- [To do]: Retype the lines below exactly, from the one that contains "Livingul este spațios" through the last, and leave every picture out.

Excerpts from a dataset:
================

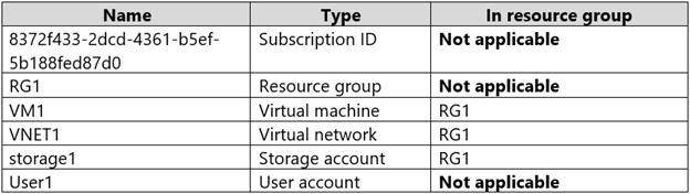 You have an Azure subscription named Subscription1 that contains the resources shown in the following table.
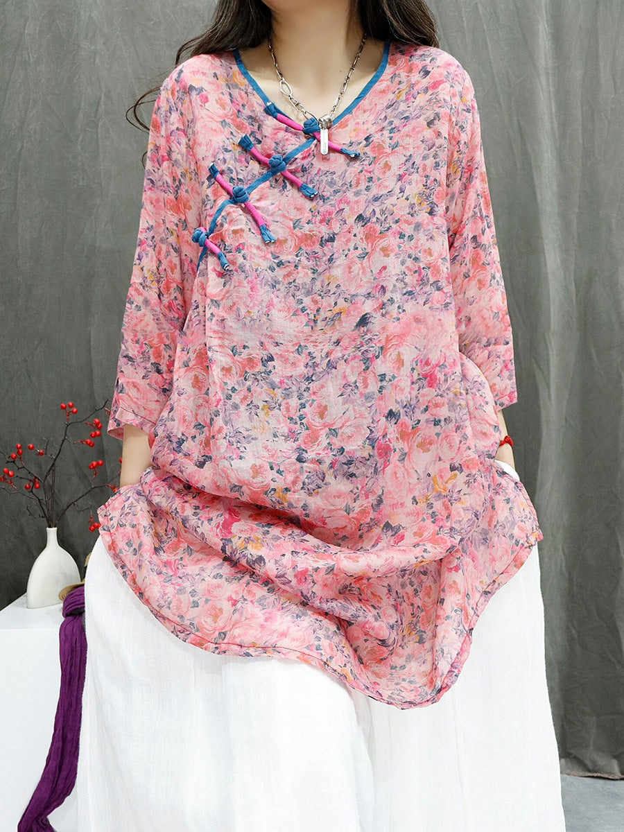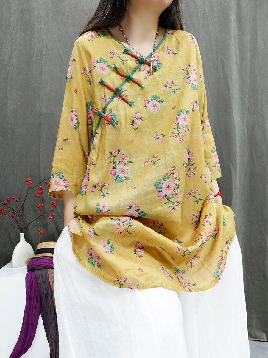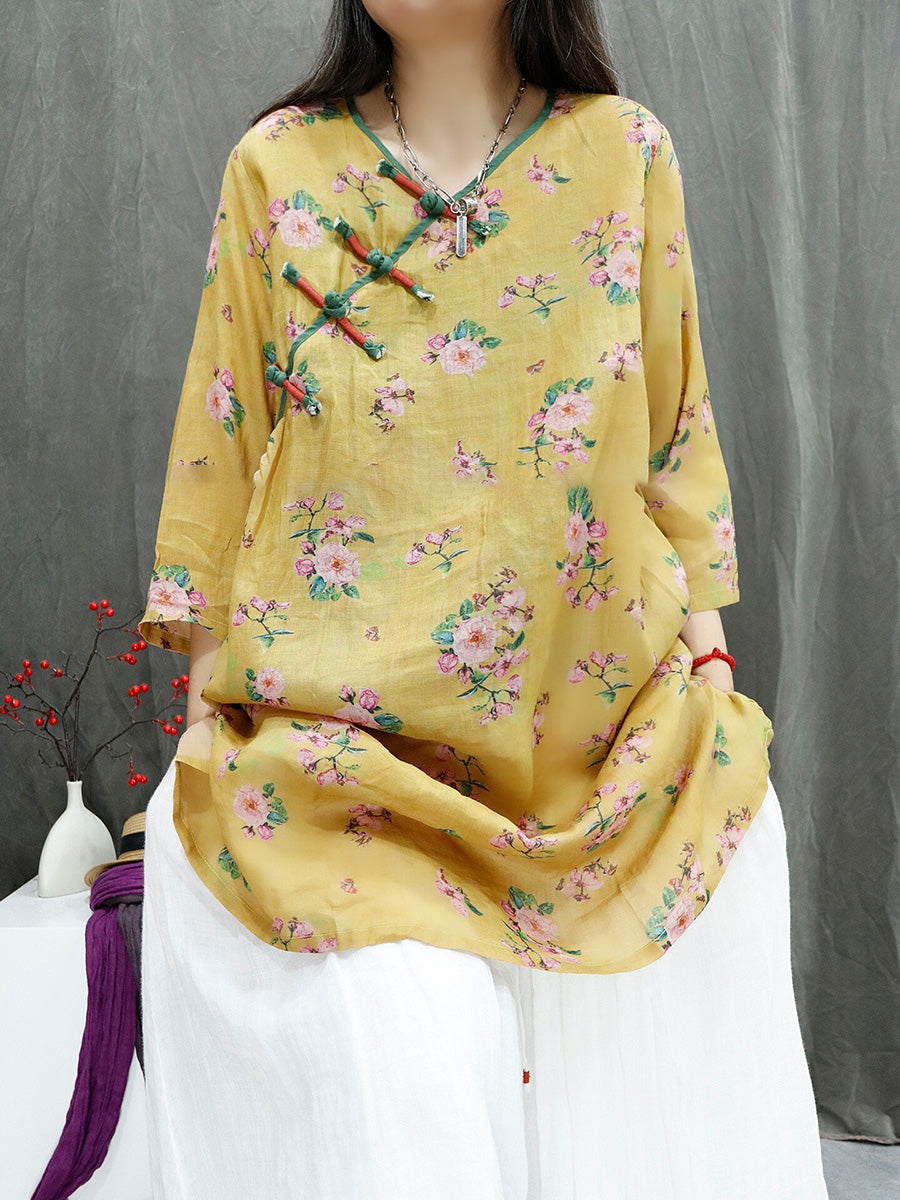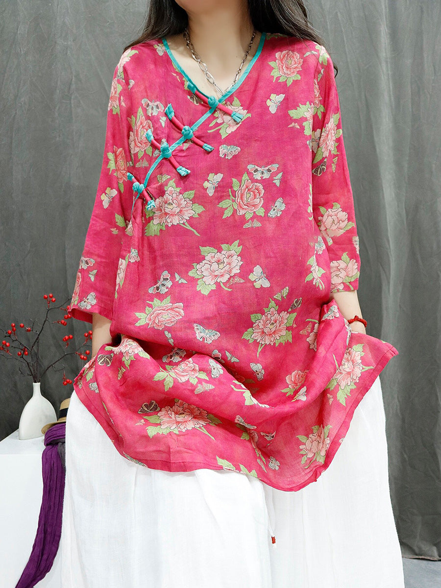 レディース 夏物 アーティスティック フラワー柄 100%ラミー Vネック ブラウス
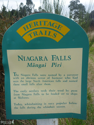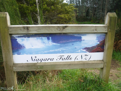在路途中,我们看到有路牌显示有一个瀑布--Niagara Falls。哇,没想到纽西兰也有一个叫Niagara Falls的瀑布哦!!!我们就沿着路牌指示去找找看看。几经辛苦,我们终于看到这个也叫Niagara Falls的瀑布了。。。眼前这个小小的水流瀑布也叫Niagara Falls???原来只是一个看过真正Niagara Falls的测量师幽默的为这个小小瀑布起的名字。。。这算是纽西兰式的幽默吗???
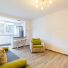 Livingul este spațios și modern, mobilat minimalist, care oferă un contrast elegant. Piesa de rezistență este zona de relaxare, cu o canapea și un fotoliu în nuanțe de verde crud și motive florale, care aduc un plus de prospețime și energie camerei.
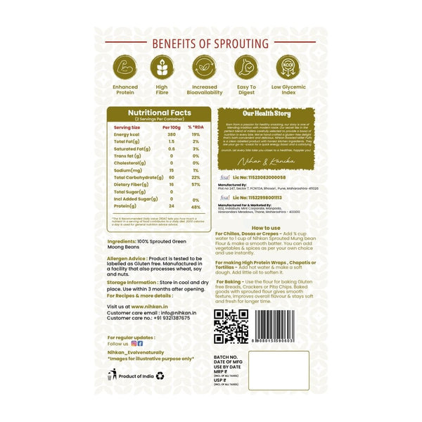 NIHKAN’S Sprouted Mung Flour is a nourishing blend of 100% sprouted Green moong beans grains(pulses). It contains 24g protein per 100g. It is gluten free and sprouted protein flour perfect for making Green mung dal cheelas or dosas for a quick nutritious breakfast meal.
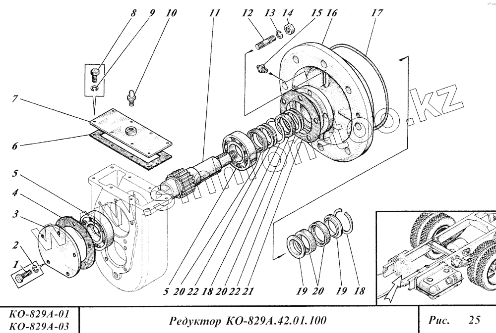 Каталог запасных частей к технике: Коммаш КО-829А. Редуктор
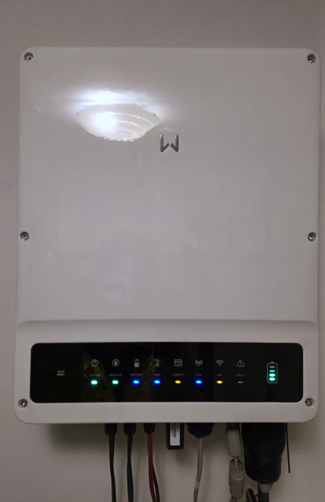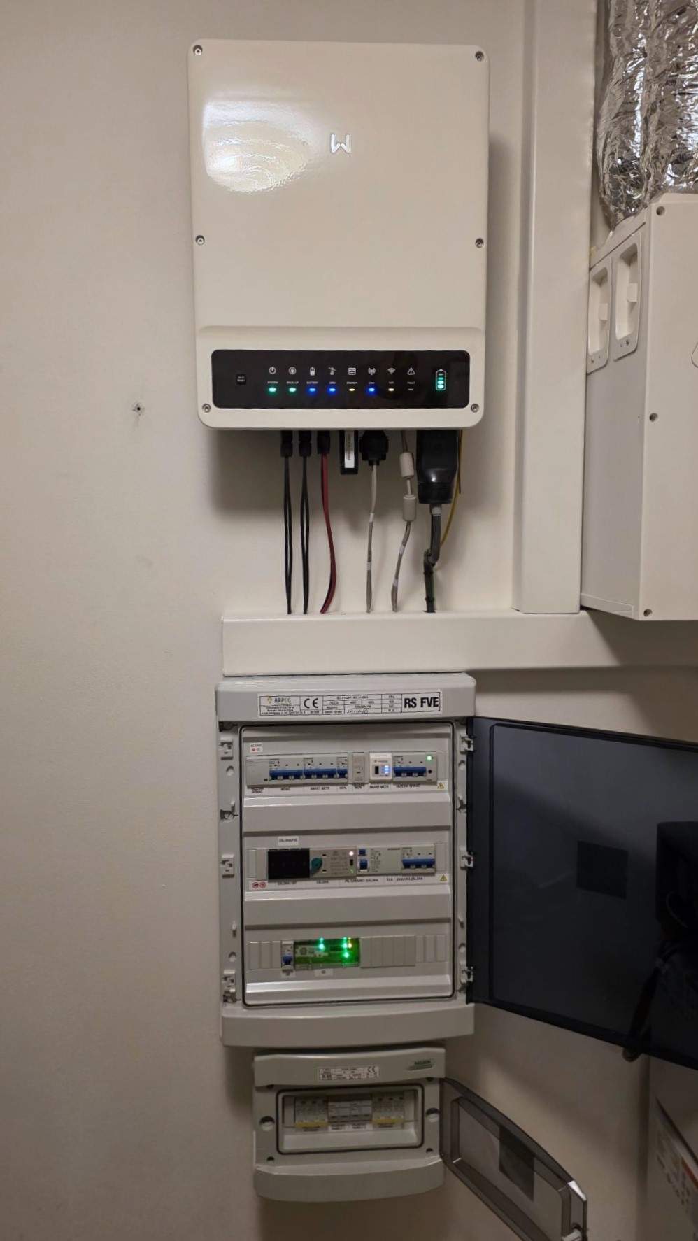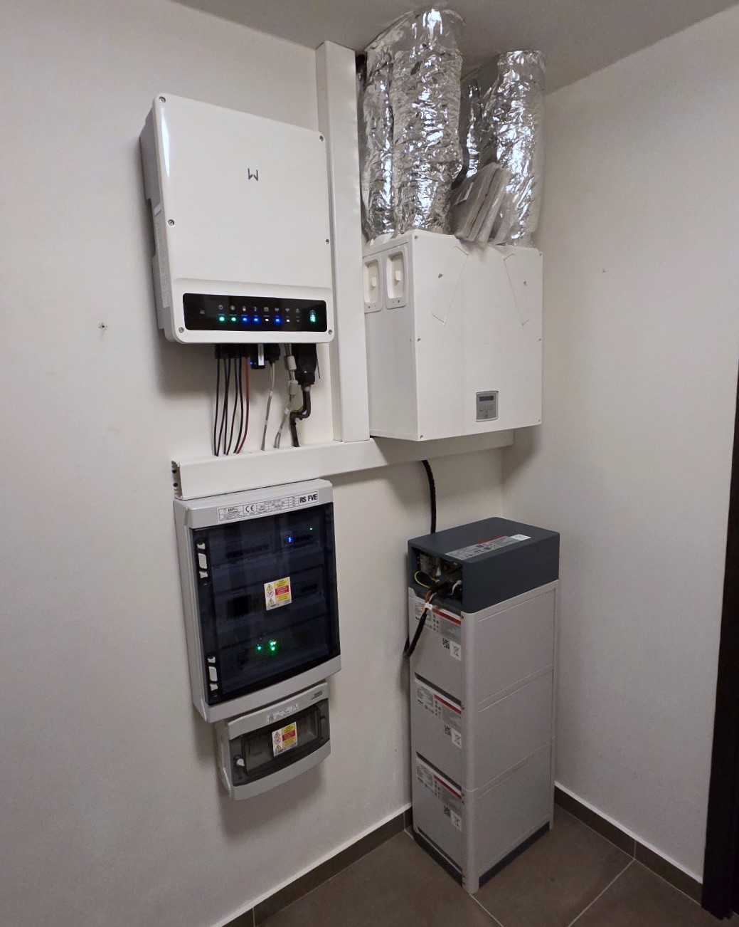 Kabeláž od solárních panelů byla vedena prostupem ze střechy do nízkého podkroví a následně dalším prostupem přímo do technické místnosti (TM). Odtud je kabeláž vedena přes stěnu do prostoru chodby domu, kde je umístěna veškerá technologie fotovoltaické elektrárny. Zvolená trasa je krátká, přehledná a minimalizuje zásahy do interiéru.

================

- [Answer section]:
 Livingul este spațios și modern, mobilat minimalist, care oferă un contrast elegant. Piesa de rezistență este zona de relaxare, cu o canapea și un fotoliu în nuanțe de verde crud și motive florale, care aduc un plus de prospețime și energie camerei.
 NIHKAN’S Sprouted Mung Flour is a nourishing blend of 100% sprouted Green moong beans grains(pulses). It contains 24g protein per 100g. It is gluten free and sprouted protein flour perfect for making Green mung dal cheelas or dosas for a quick nutritious breakfast meal.
 Каталог запасных частей к технике: Коммаш КО-829А. Редуктор
 Kabeláž od solárních panelů byla vedena prostupem ze střechy do nízkého podkroví a následně dalším prostupem přímo do technické místnosti (TM). Odtud je kabeláž vedena přes stěnu do prostoru chodby domu, kde je umístěna veškerá technologie fotovoltaické elektrárny. Zvolená trasa je krátká, přehledná a minimalizuje zásahy do interiéru.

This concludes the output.